Богатый и достойный вдовец, Гарри Селфридж мог пригласить на ужин любую столь же достойную и элегантную женщину. Но мужчине, который по своей натуре был шоуменом, подходили только девушки из шоу. В 1922 году его внимание сосредоточилось на очередной французской танцовщице Элис Делизия, высоко-оплачиваемой звезде лондонского ревю Чарлза Кошрана «Мейфэйр и Монмартр». К сожалению для мистера Кошрана, у Элис заболело горло, и она была вынуждена отменить участие в шоу, что стоило Шарлю более двадцати тысяч фунтов. Чего она стоила Гарри Селфриджу – неизвестно.
Ч. Б. Кошран и его сценический директор Фрэнк Коллинз были членами внутреннего круга Селфриджа.

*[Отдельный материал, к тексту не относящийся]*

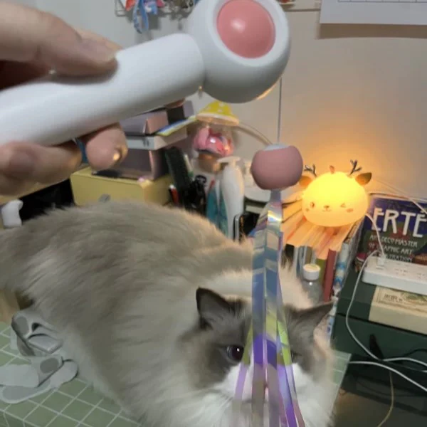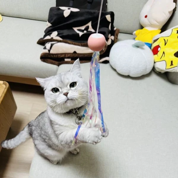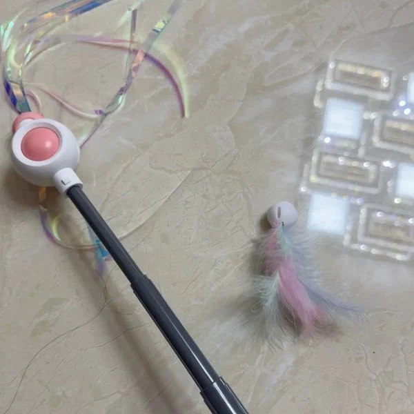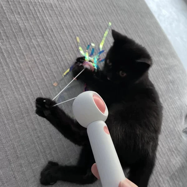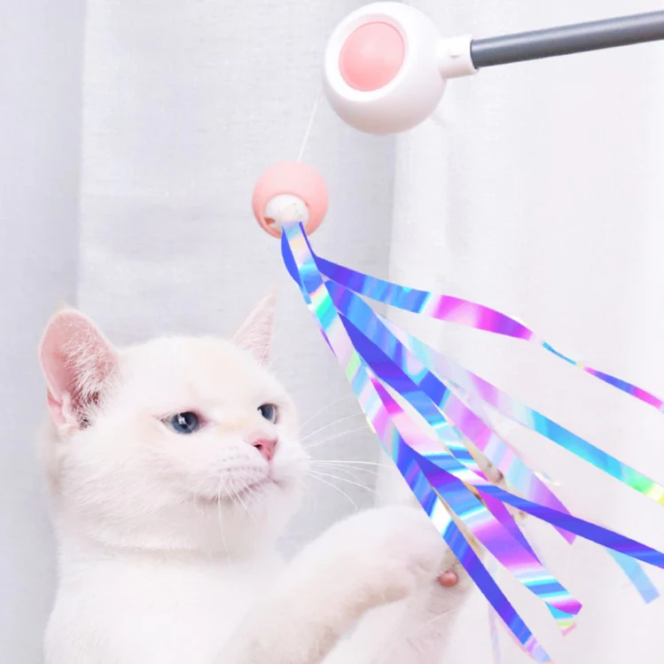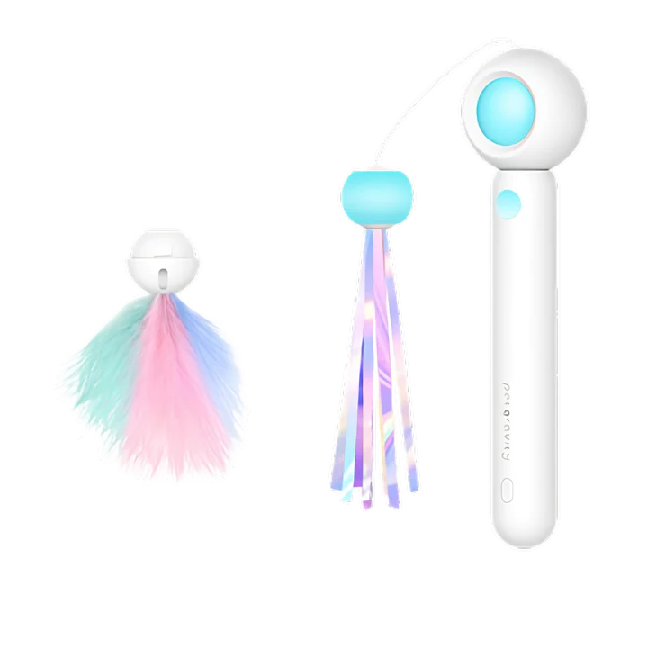 The toy itself comes with two replaceable heads, a feather-type and a streamer-type, both coming in colorful colors for your cat to enjoy!

Универмаг рекламировал театральные постановки в своих витринах, приглашал звезд сцены в качестве ведущих на мероприятиях в «Палм-корт» и был только рад сдавать в аренду меха и драгоценности для фотосессий. Когда Селфридж захотел одеть в новую униформу свою очаровательную ватагу лифтерш, офис Кошрана попросили найти ему «нового талантливого дизайнера» в городе. Вспомнив вежливого, хотя и нервного, юного дизайнера, недавно посетившего его, мистер Коллинз решил, что его работы могут подойти Селфриджу. Была назначена встреча, и молодой человек испуганно представил Гарри двадцать аккуратно подготовленных набросков, с надеждой глядя на него. «Уходите, мальчик мой, и поучитесь рисовать», – сказал Селфридж Норману Хартнеллу. Сэр Норман, которому предстояло стать самым известным модным дизайнером Британии, вспоминал об этом случае в своих мемуарах, добавив: «Позднее я начал восхищаться им и симпатизировать ему. Он присылал ко мне очаровательных дам, которых я одевал, а его деньги впоследствии отлично компенсировали мне это унижение».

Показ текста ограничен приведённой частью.